Beginning with the first line, return the material verbatim and without pictures.

▶ _DATASET EXCERPT_:
◇ ◇ ◇ ◇ ◇

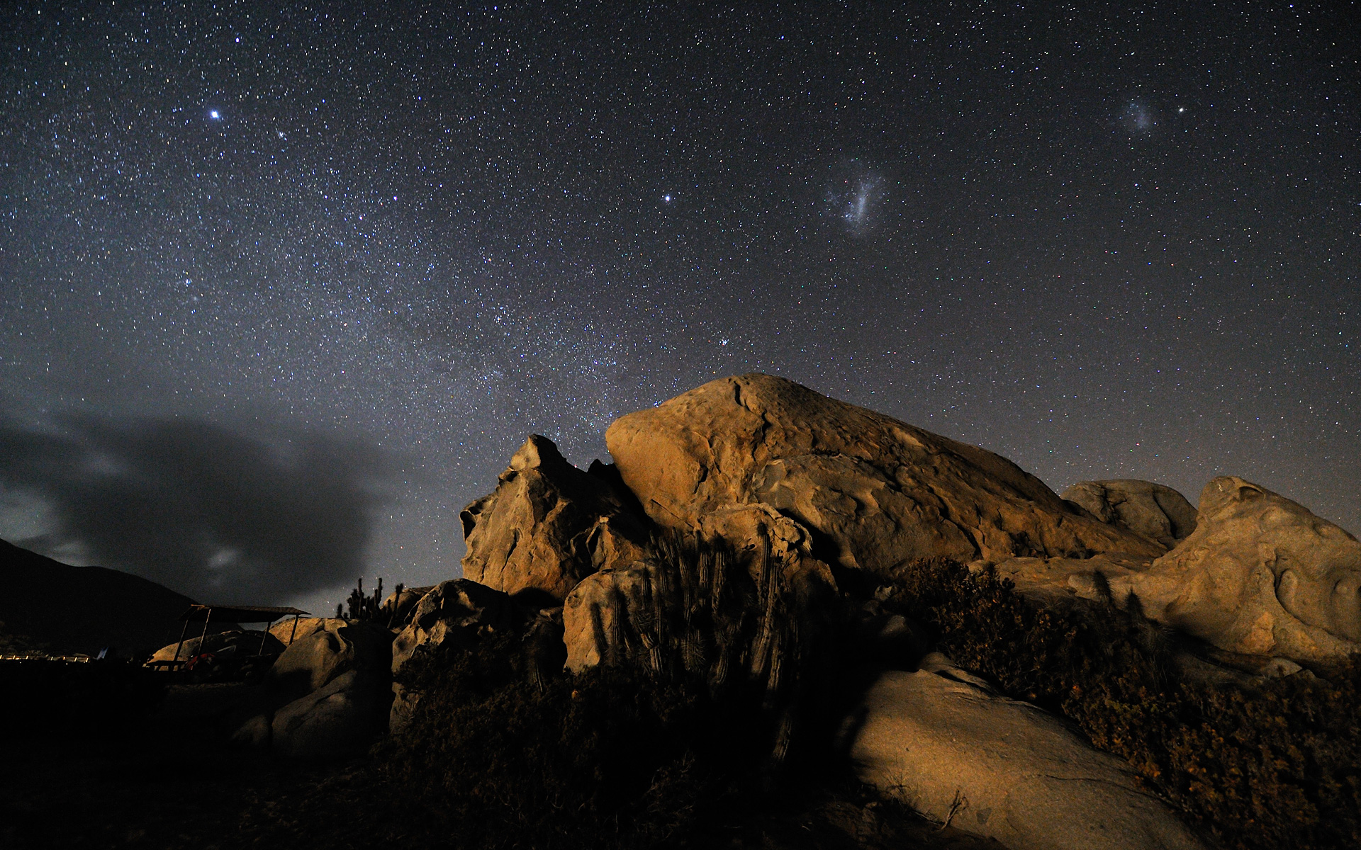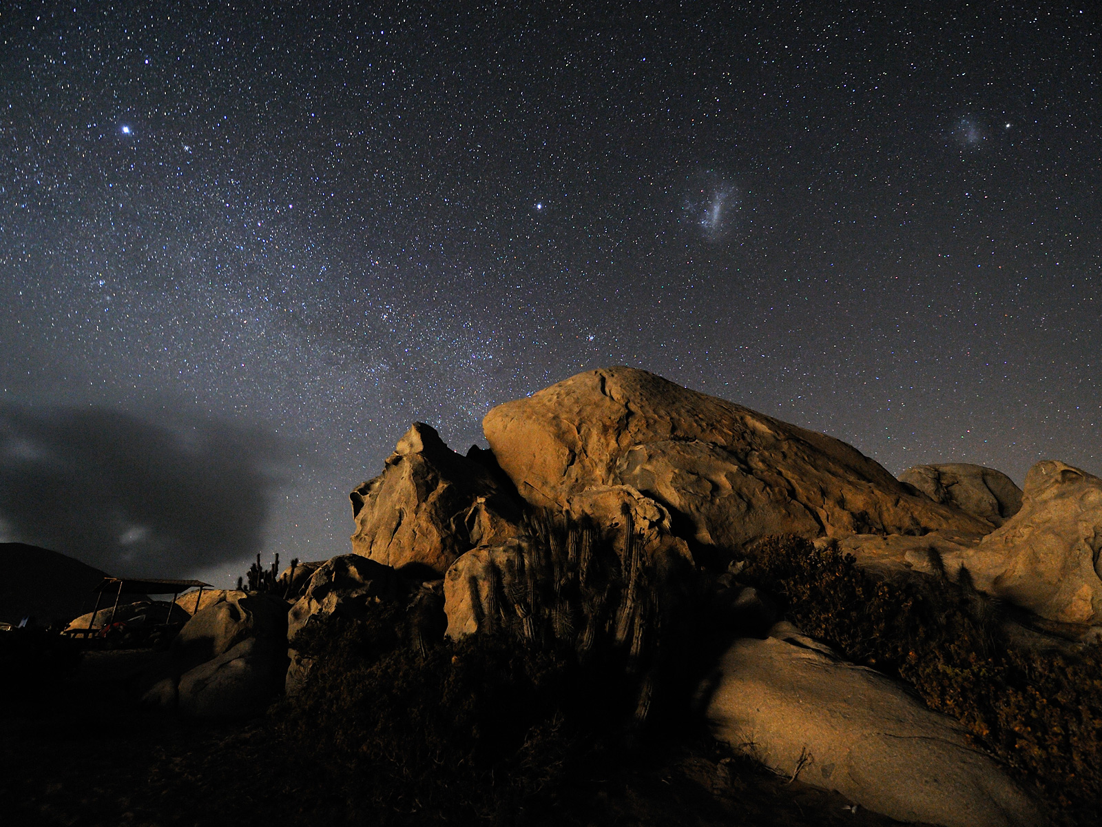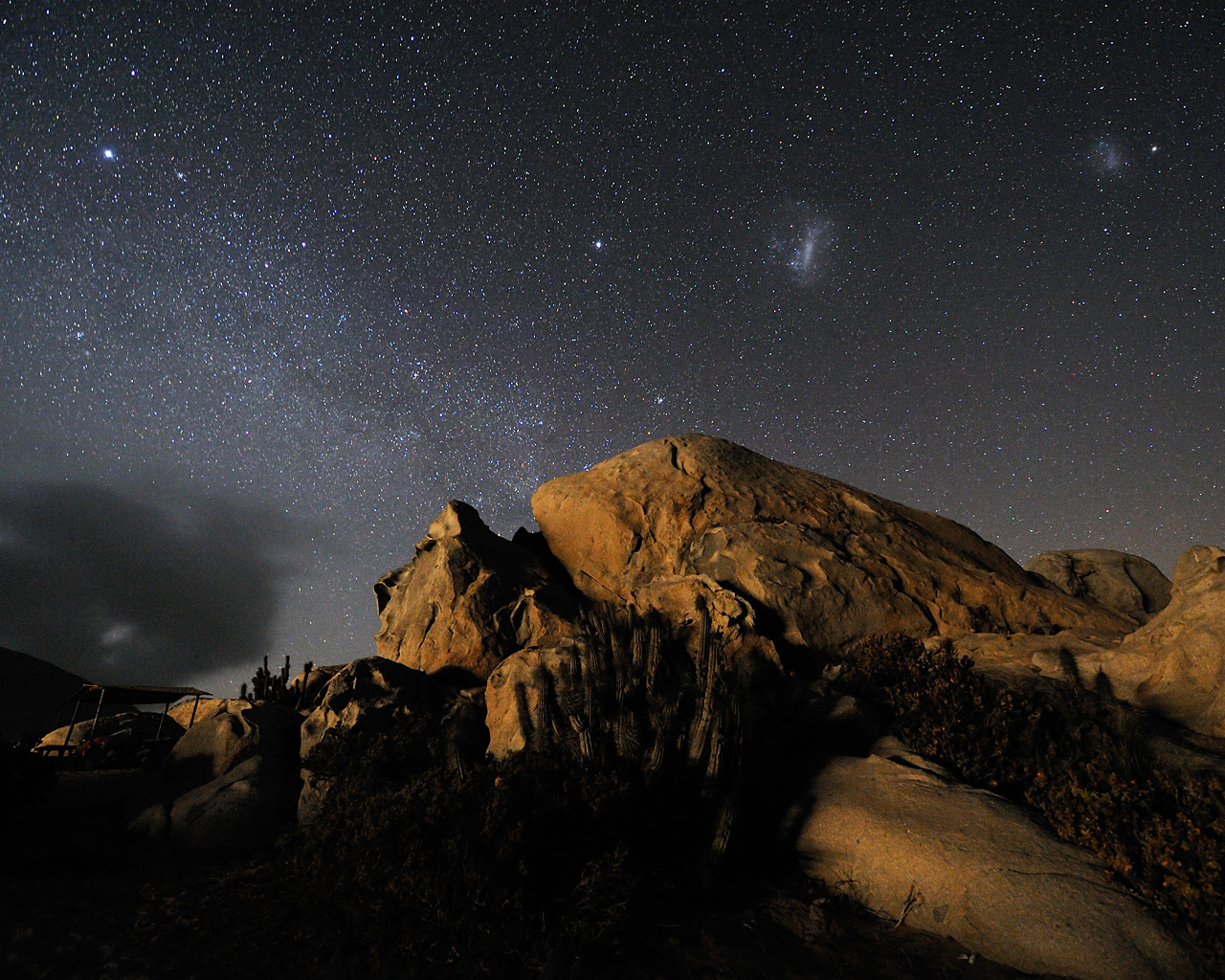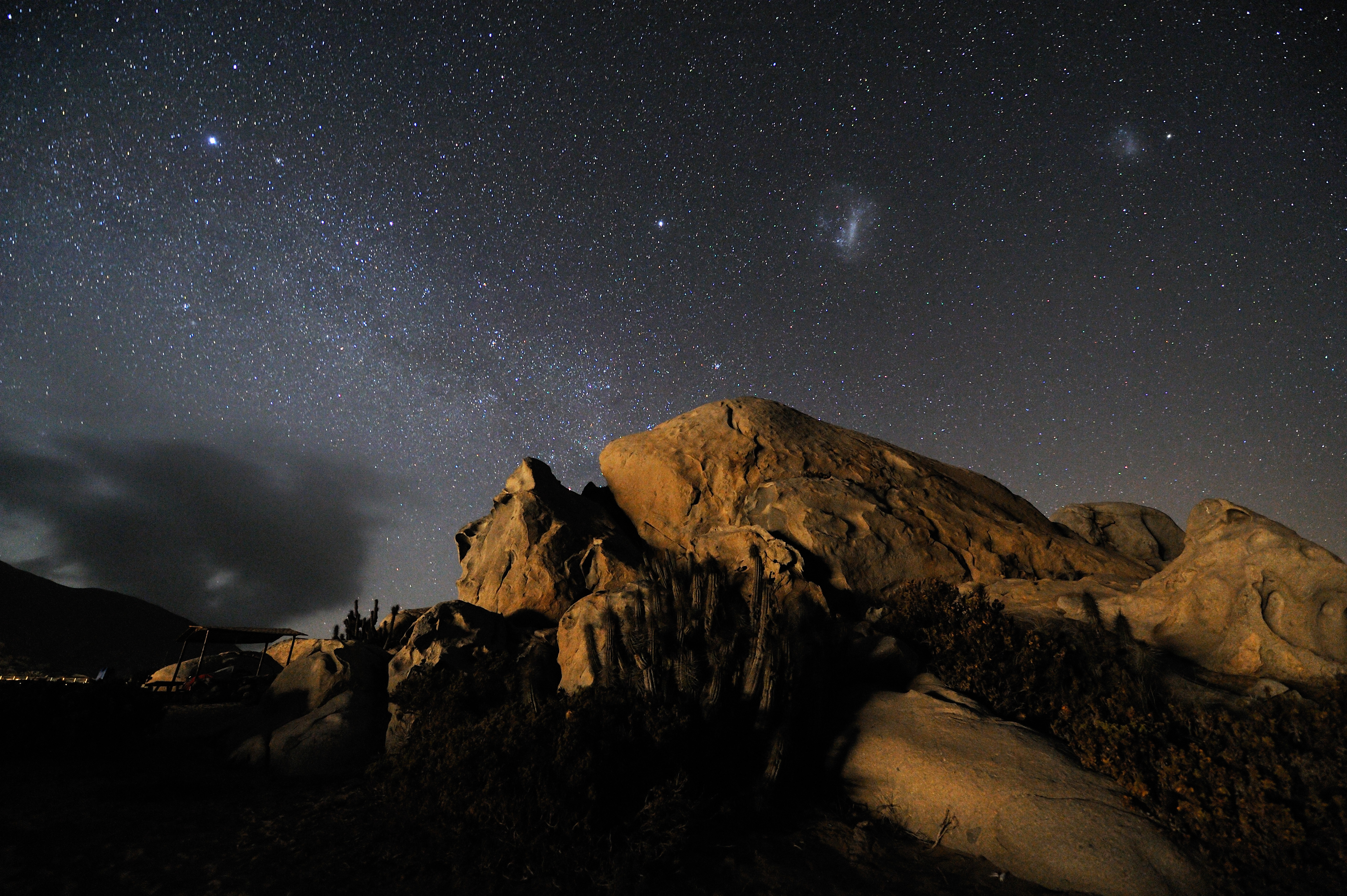 From right to left, the Small and the Large Magellanic Clouds, two irregular galaxies neighbourhood of the Milky Way. The observation of these objects was notified for the first time by the Magellan´s expedition at the beginning of the XVI century. By then, they were thought to be –strangely immobile- thin clouds. A “real” cloud leans out of the left horizon. Because of the humidity brought by the cold Pacific Ocean and the thermal contrast with the ground, clouds often cover the coast of the Atacama Desert, providing the humidity that feeds the local flora, consisting in different species of cacti, many of them endemic. The cold temperature of the ocean keeps the so called “inversion layer” very low, while the atmosphere above the clouds is exceptional dry and clear. These are the conditions found at Paranal Observatory, located at an elevation of 2600 metres, only 12 km away from the coast. Mount Paranal is home of the ESO Very Large Telescope (VLT), the most advanced optical ground based telescope in the world.
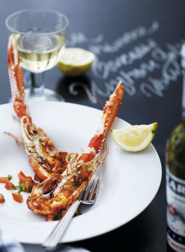 Grillet jomfruhummer i pernod og paprika med tomatconcassé og frisk koriander
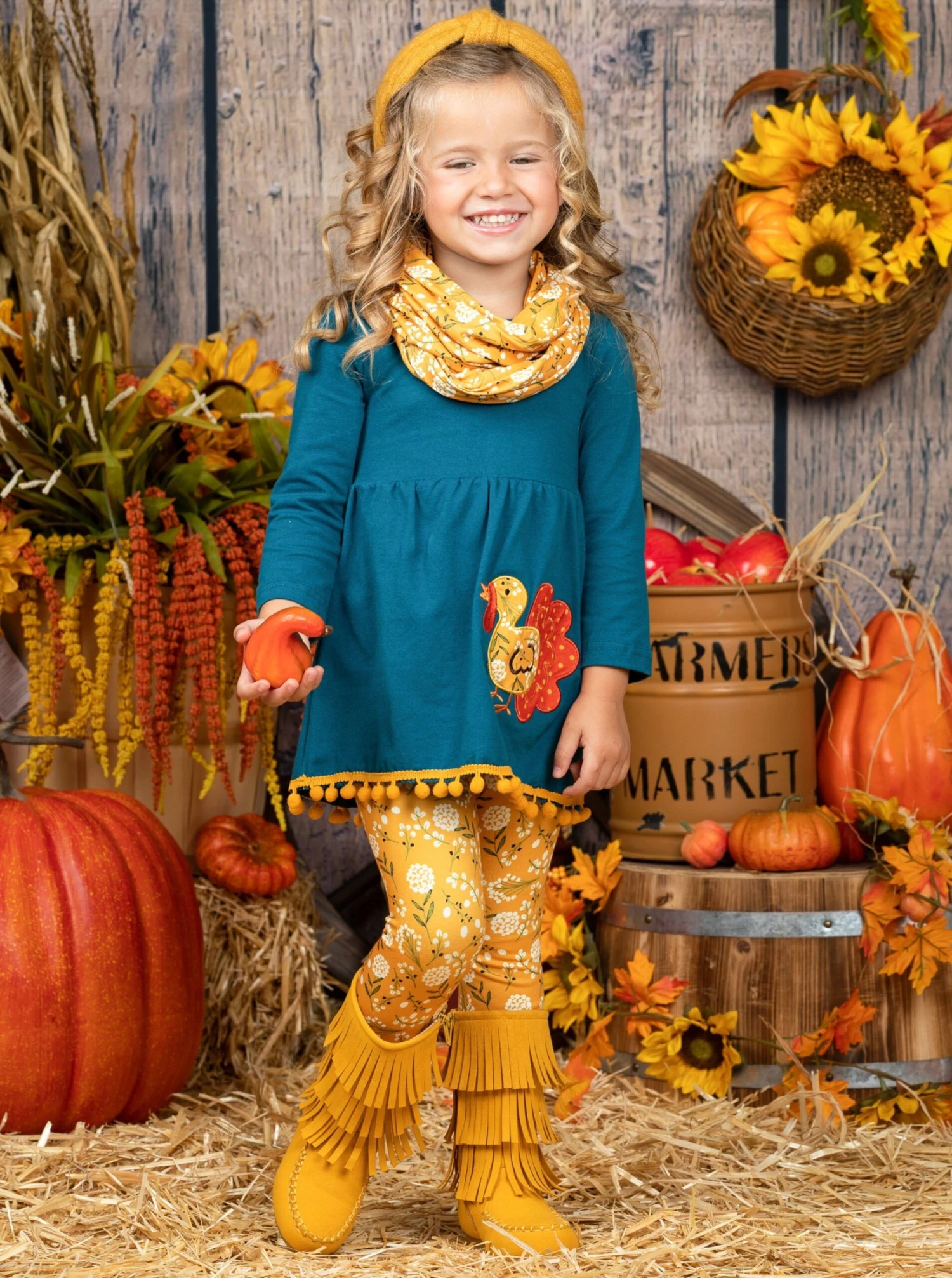 Turkey Season Pom Pom Tunic, Leggings & Scarf Set
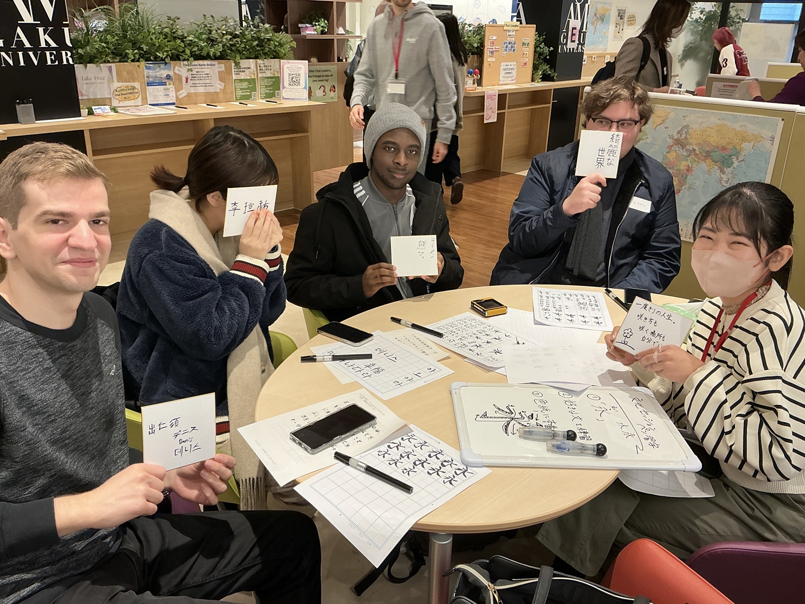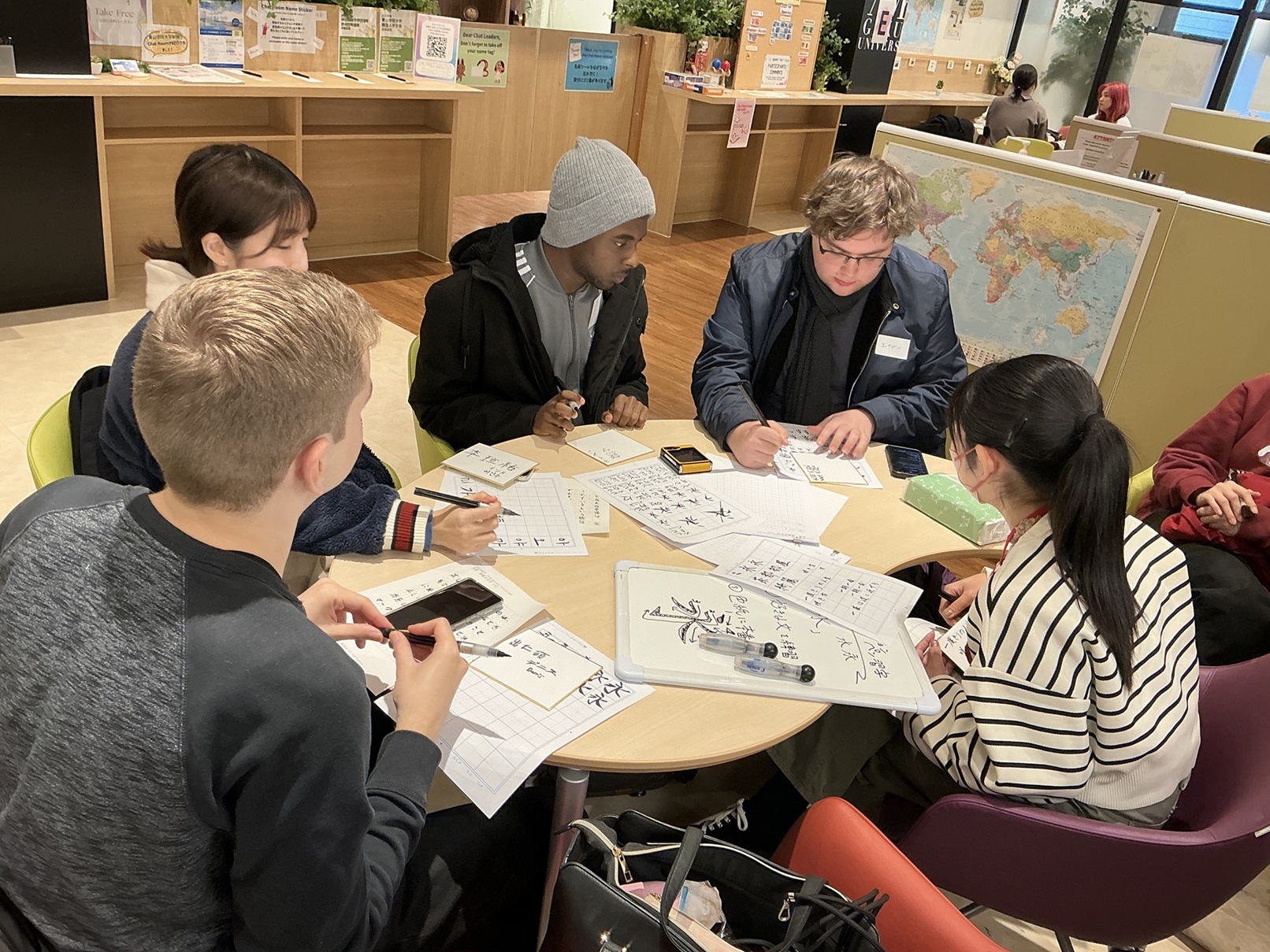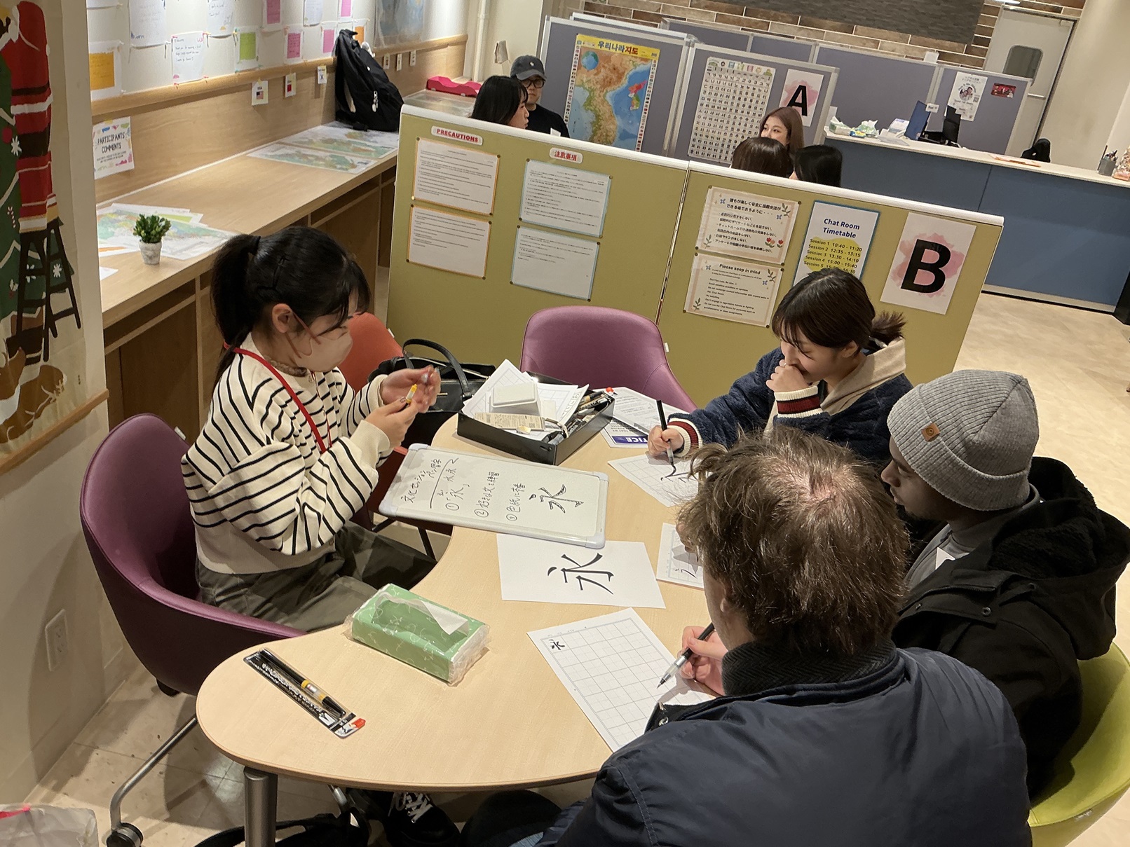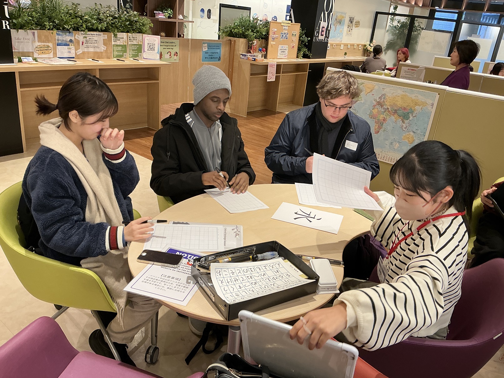 参加者たちは、漢字の筆順や読み方を確認しながら、自分の名前を練習したり、聖書の言葉を書いたりしました。全員、筆ペンを初めて使ったにもかかわらずとても上手に次々と書いて日本語チャットリーダーを驚かせていました。

◇ ◇ ◇ ◇ ◇

▶ _COMPLETED EXERCISE_:
 From right to left, the Small and the Large Magellanic Clouds, two irregular galaxies neighbourhood of the Milky Way. The observation of these objects was notified for the first time by the Magellan´s expedition at the beginning of the XVI century. By then, they were thought to be –strangely immobile- thin clouds. A “real” cloud leans out of the left horizon. Because of the humidity brought by the cold Pacific Ocean and the thermal contrast with the ground, clouds often cover the coast of the Atacama Desert, providing the humidity that feeds the local flora, consisting in different species of cacti, many of them endemic. The cold temperature of the ocean keeps the so called “inversion layer” very low, while the atmosphere above the clouds is exceptional dry and clear. These are the conditions found at Paranal Observatory, located at an elevation of 2600 metres, only 12 km away from the coast. Mount Paranal is home of the ESO Very Large Telescope (VLT), the most advanced optical ground based telescope in the world.
 Grillet jomfruhummer i pernod og paprika med tomatconcassé og frisk koriander
 Turkey Season Pom Pom Tunic, Leggings & Scarf Set
 参加者たちは、漢字の筆順や読み方を確認しながら、自分の名前を練習したり、聖書の言葉を書いたりしました。全員、筆ペンを初めて使ったにもかかわらずとても上手に次々と書いて日本語チャットリーダーを驚かせていました。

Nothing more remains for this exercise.